NER system fin applications across various domains, including question answering, information retrieval and machine translation. NER plays an important role in enhancing the precision of other NLP tasks like part-of-speech tagging and parsing. At its core, NLP is just a two-step process, below are the two steps that are involved:

1.Detecting the entities from the text
2.Classifying them into different categories
# Ambiguity in NER
For a person, the category definition is intuitively quite clear, but for computers, there is some ambiguity in classification. Let’s look at some ambiguous examples:
England (Organization) won the 2019 world cup vs The 2019 world cup happened in England (Location).
Washington (Location) is the capital of the US vs The first president of the US was Washington (Person).
How Named Entity Recognition (NER) works?
# The working of Named Entity Recognition is discussed below:

    The NER system analyses the entire input text to identify and locate the named entities.

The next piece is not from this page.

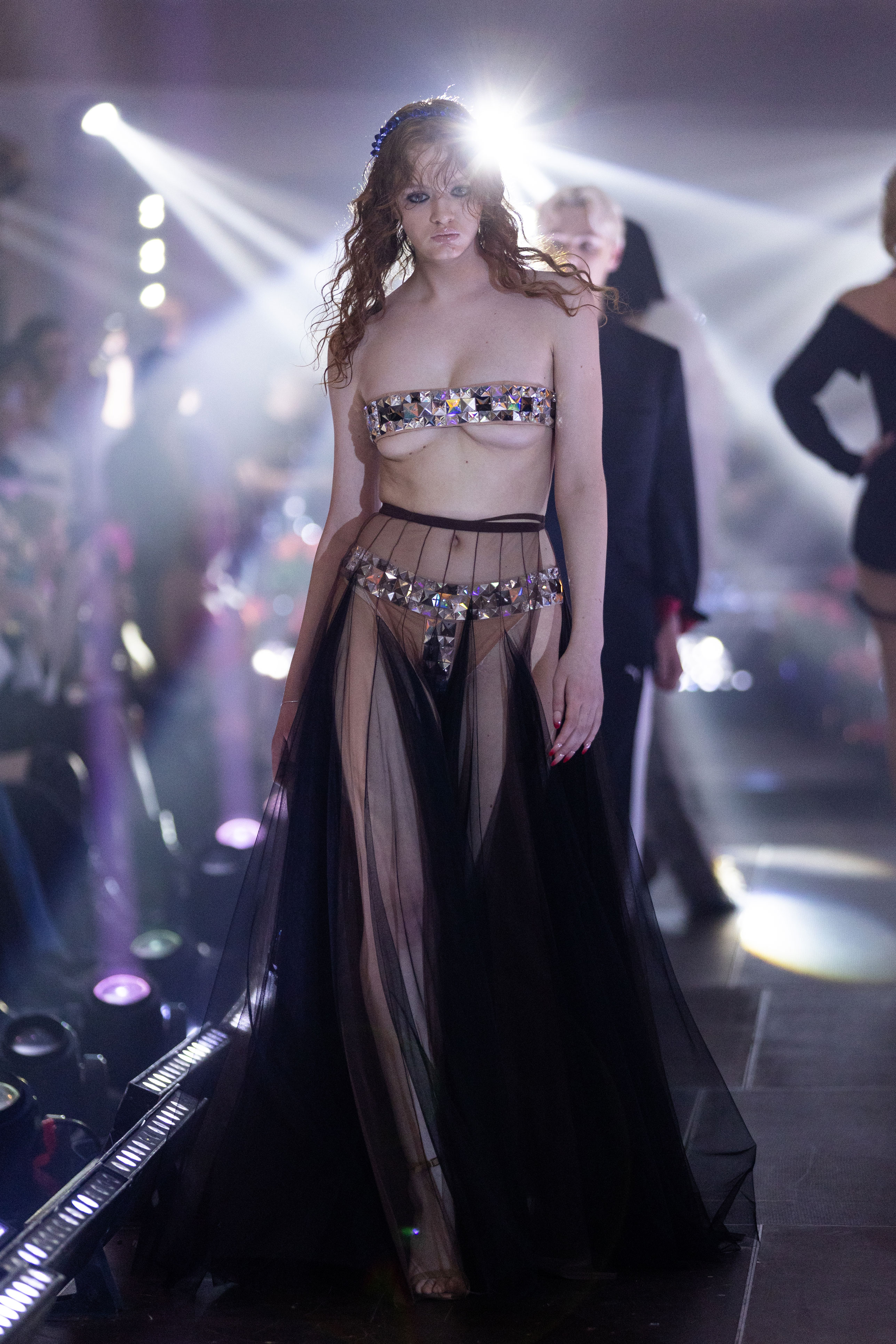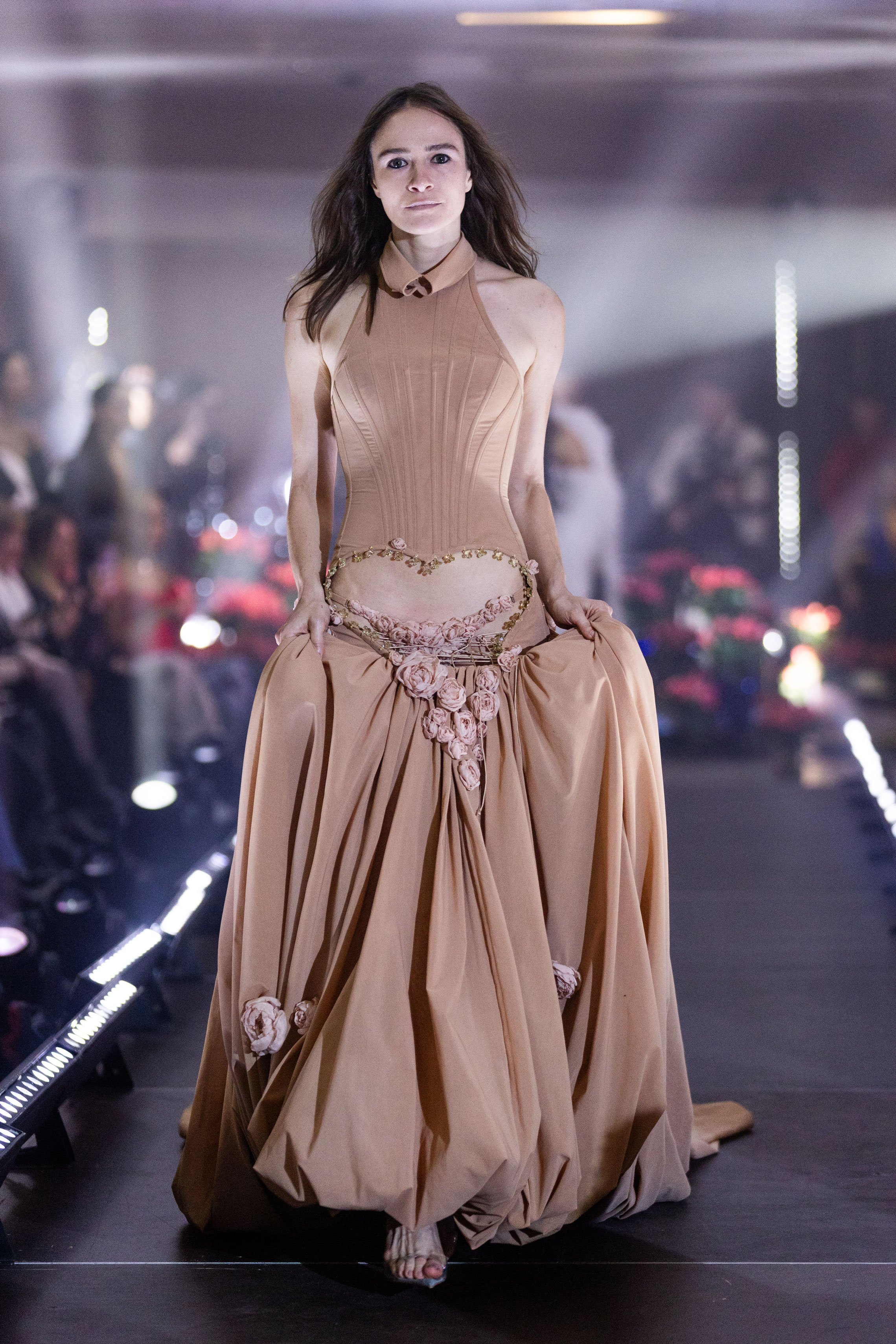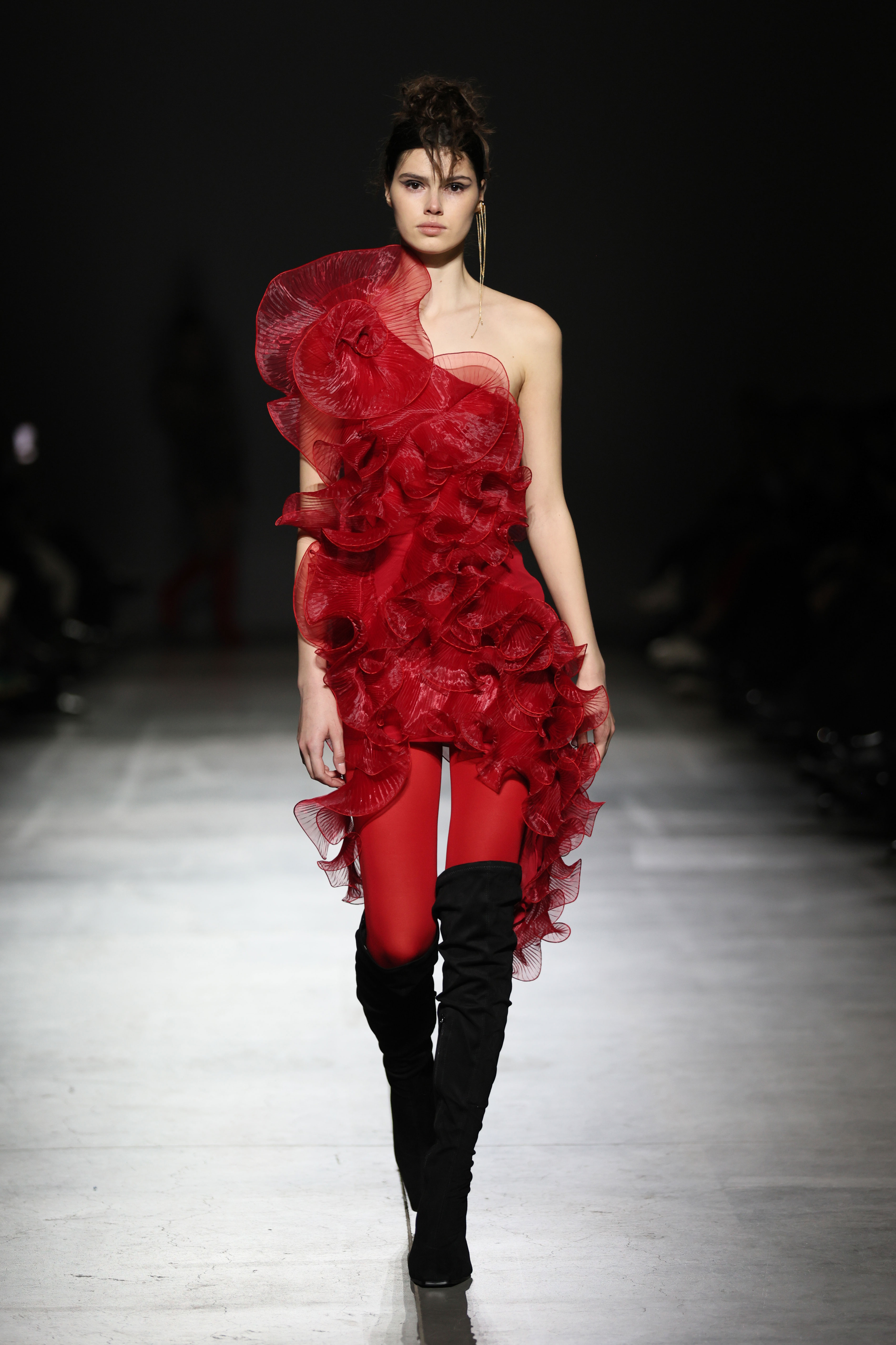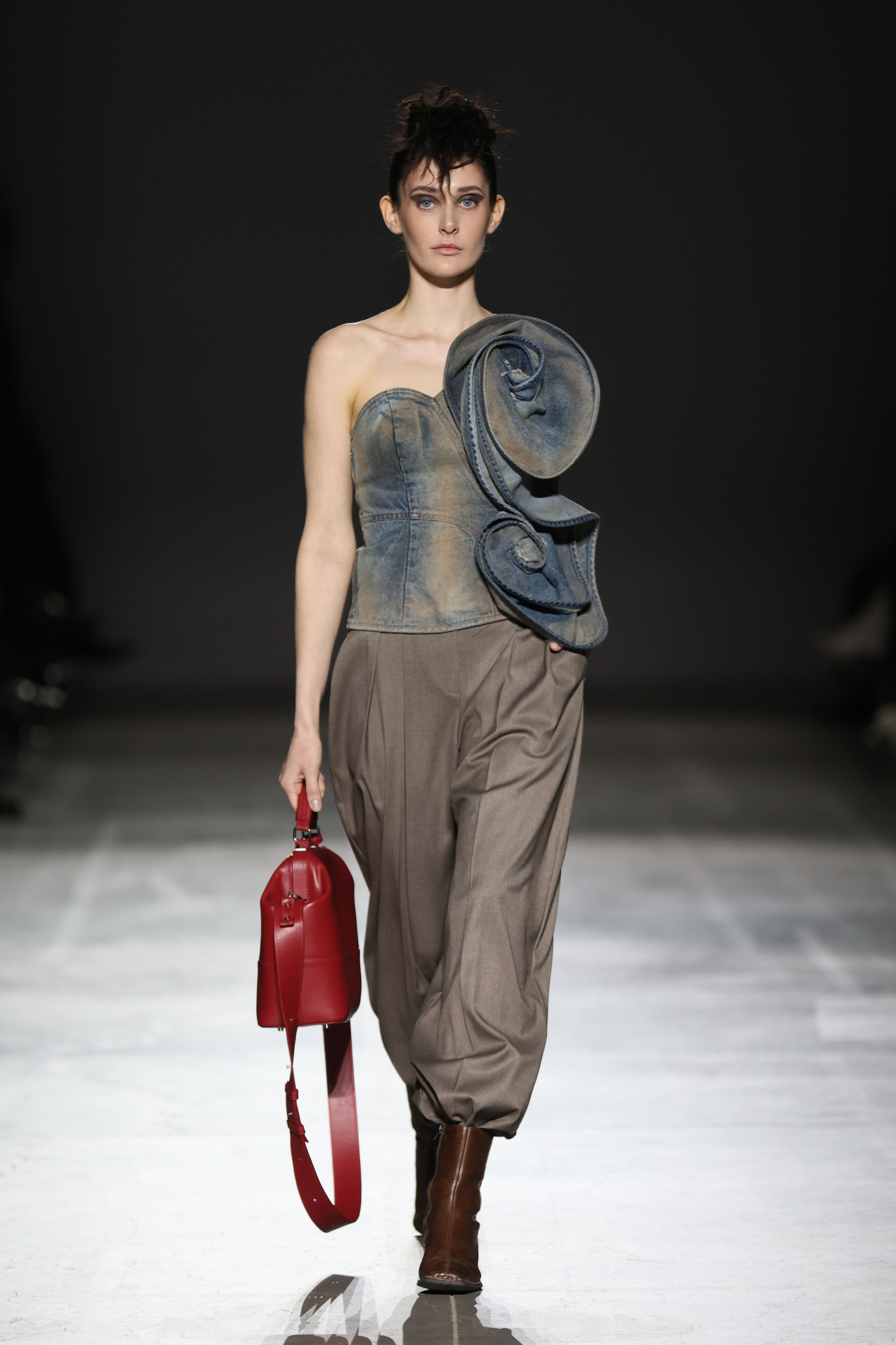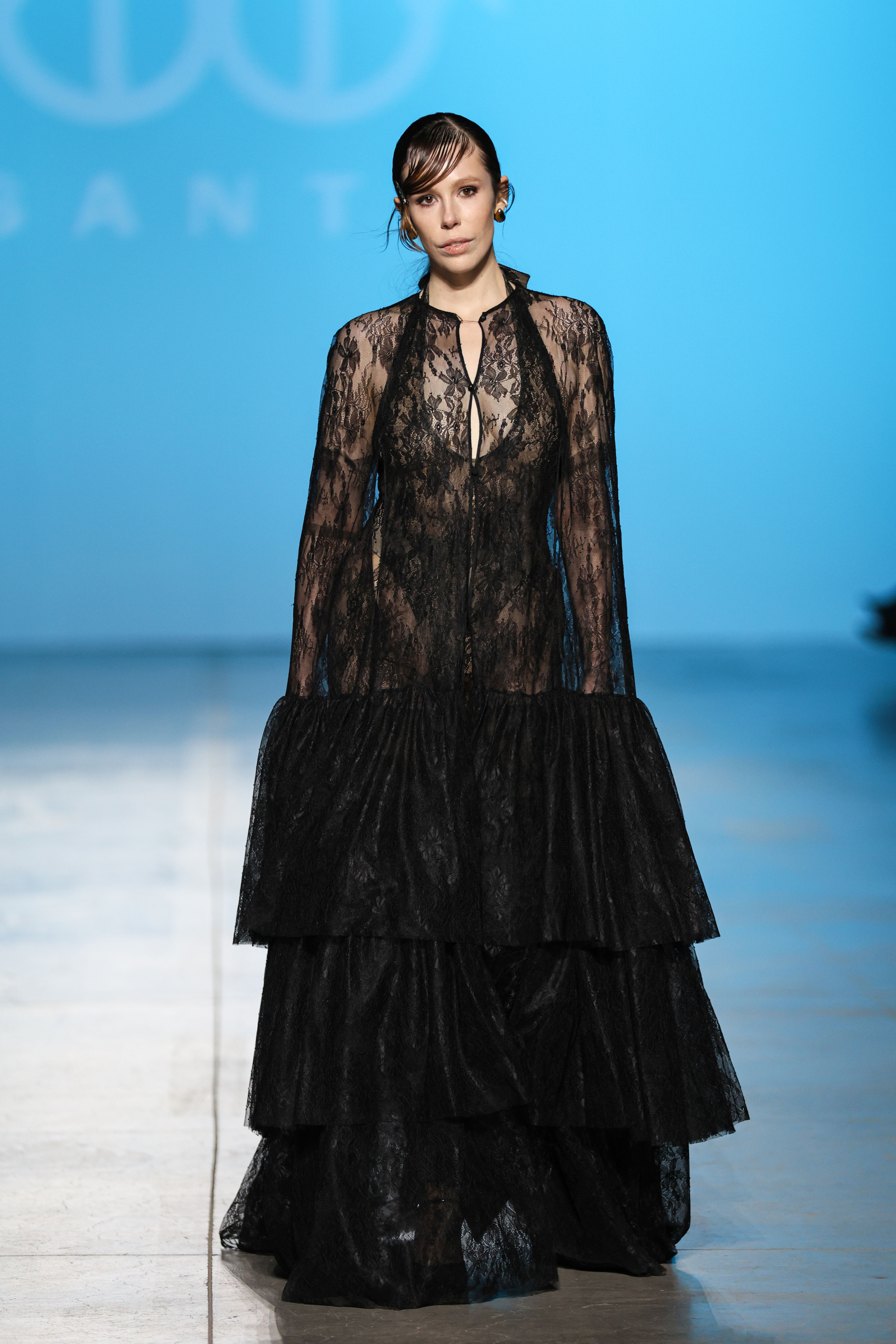 На показі SANTA прозоре мереживо зіштовхувалося з щільною текстурою шкіри, продовжуючи філософію бренду про двоїстість жіночної природи, де переплітається чуттєвість і рішучість, грайливість та міць. У колекції з’явилися характерні для SANTA матеріали у вигляді розкішного хутра, об'ємного пір’я, глибокого оксамиту. «Від строгих силуетів суконь і корсетів до масивних плечей жакетів — кожна річ із колекції кидає виклик традиційному сприйняттю жіночого образу», — розповідають у бренді.

    The system then identifies the sentence boundaries by considering capitalization rules. It recognizes the end of the sentence when a word starts with a capital letter, assuming it could be the beginning of a new sentence. Knowing sentence boundaries aids in contextualizing entities within the text, allowing the model to understand relationships and meanings.

    NER can be trained to classify entire documents into different types, such as invoices, receipts, or passports. Document classification enhances the versatility of NER, allowing it to adapt its entity recognition based on the specific characteristics and context of different document types.

    NER employs machine learning algorithms, including supervised learning, to analyze labeled datasets. These datasets contain examples of annotated entities, guiding the model in recognizing similar entities in new, unseen data.

    Through multiple training iterations, the model refines its understanding of contextual features, syntactic structures, and entity patterns, continuously improving its accuracy over time.

    The model’s ability to adapt to new data allows it to handle variations in language, context, and entity types, making it more robust and effective.

# Named Entity Recognition (NER) Methods
# 1.Lexicon Based Method
The NER uses a dictionary with a list of words or terms. The process involves checking if any of these words are present in a given text. However, this approach isn’t commonly used because it requires constant updating and careful maintenance of the dictionary to stay accurate and effective.

# 2.Rule Based Method
The Rule Based NER method uses a set of predefined rules guides the extraction of information. These rules are based on patterns and context. Pattern-based rules focus on the structure and form of words, looking at their morphological patterns. On the other hand, context-based rules consider the surrounding words or the context in which a word appears within the text document. This combination of pattern-based and context-based rules enhances the precision of information extraction in Named Entity Recognition (NER).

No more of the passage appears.